<<<<

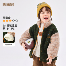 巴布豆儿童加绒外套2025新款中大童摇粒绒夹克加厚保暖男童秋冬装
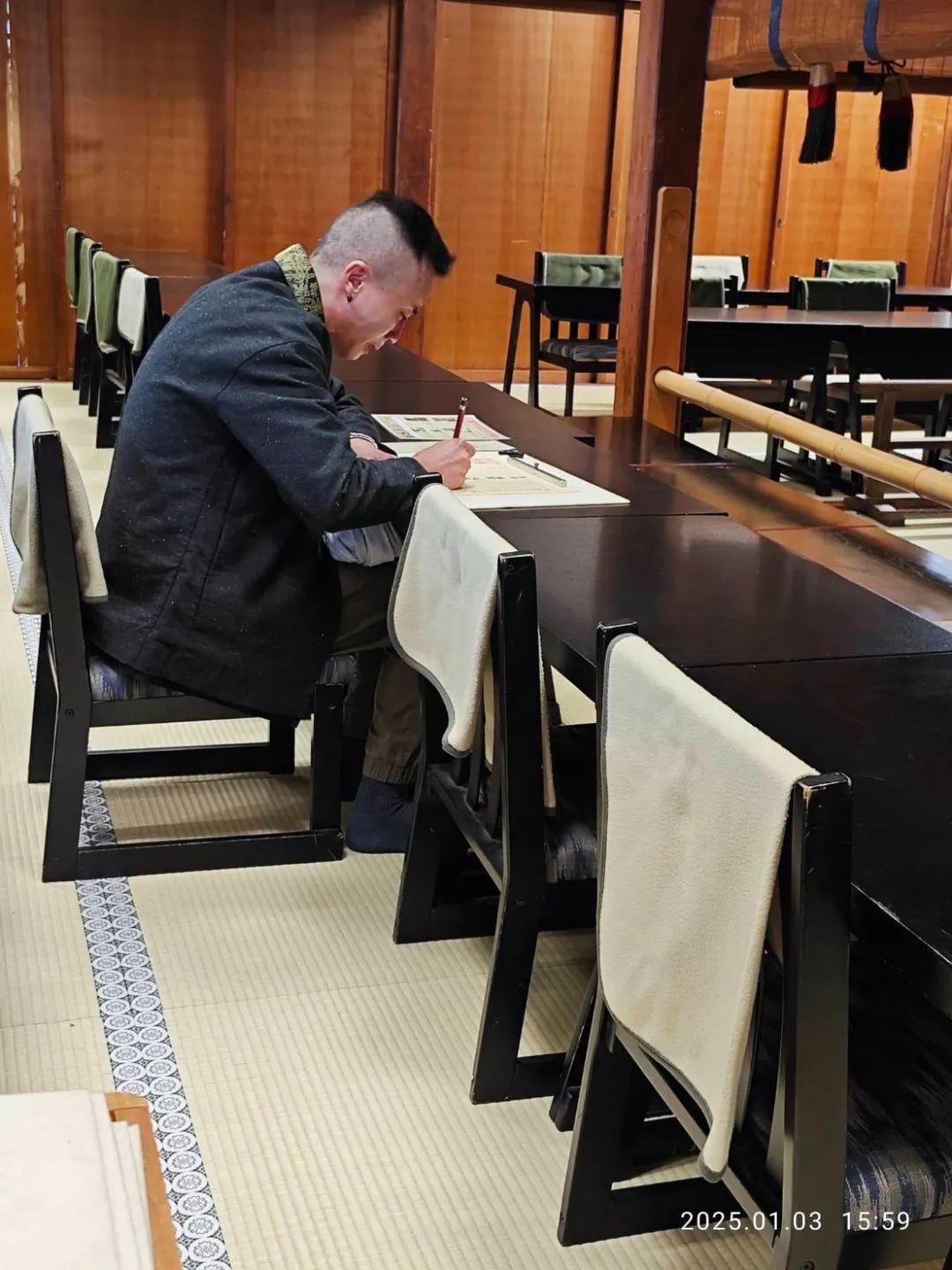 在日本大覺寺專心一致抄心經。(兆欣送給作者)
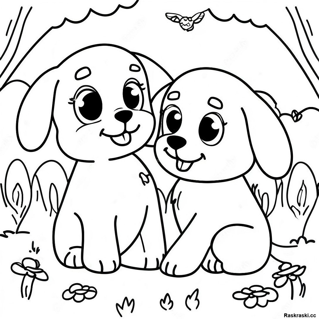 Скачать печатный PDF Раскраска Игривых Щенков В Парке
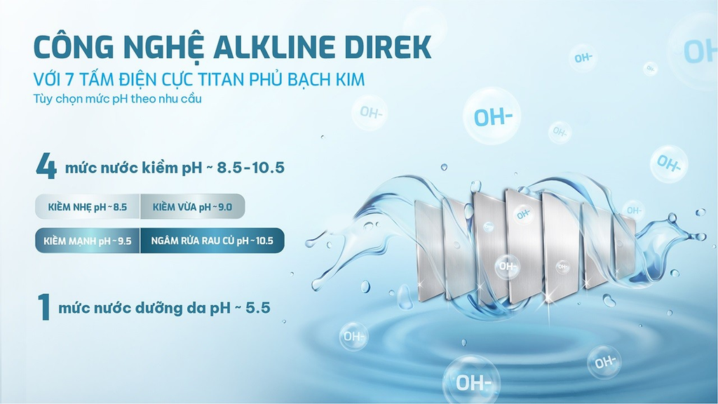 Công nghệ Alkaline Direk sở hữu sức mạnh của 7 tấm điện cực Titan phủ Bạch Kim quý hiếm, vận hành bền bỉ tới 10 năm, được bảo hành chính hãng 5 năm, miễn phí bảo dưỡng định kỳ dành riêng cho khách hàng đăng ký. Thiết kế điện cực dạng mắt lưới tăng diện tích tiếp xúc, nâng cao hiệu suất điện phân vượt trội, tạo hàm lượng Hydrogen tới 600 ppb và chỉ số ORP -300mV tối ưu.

>>>>

§ **What is expected**
The listing above is to be retyped word for word, with the pictures omitted.

§ **Task result**
 巴布豆儿童加绒外套2025新款中大童摇粒绒夹克加厚保暖男童秋冬装
 在日本大覺寺專心一致抄心經。(兆欣送給作者)
 Скачать печатный PDF Раскраска Игривых Щенков В Парке
 Công nghệ Alkaline Direk sở hữu sức mạnh của 7 tấm điện cực Titan phủ Bạch Kim quý hiếm, vận hành bền bỉ tới 10 năm, được bảo hành chính hãng 5 năm, miễn phí bảo dưỡng định kỳ dành riêng cho khách hàng đăng ký. Thiết kế điện cực dạng mắt lưới tăng diện tích tiếp xúc, nâng cao hiệu suất điện phân vượt trội, tạo hàm lượng Hydrogen tới 600 ppb và chỉ số ORP -300mV tối ưu.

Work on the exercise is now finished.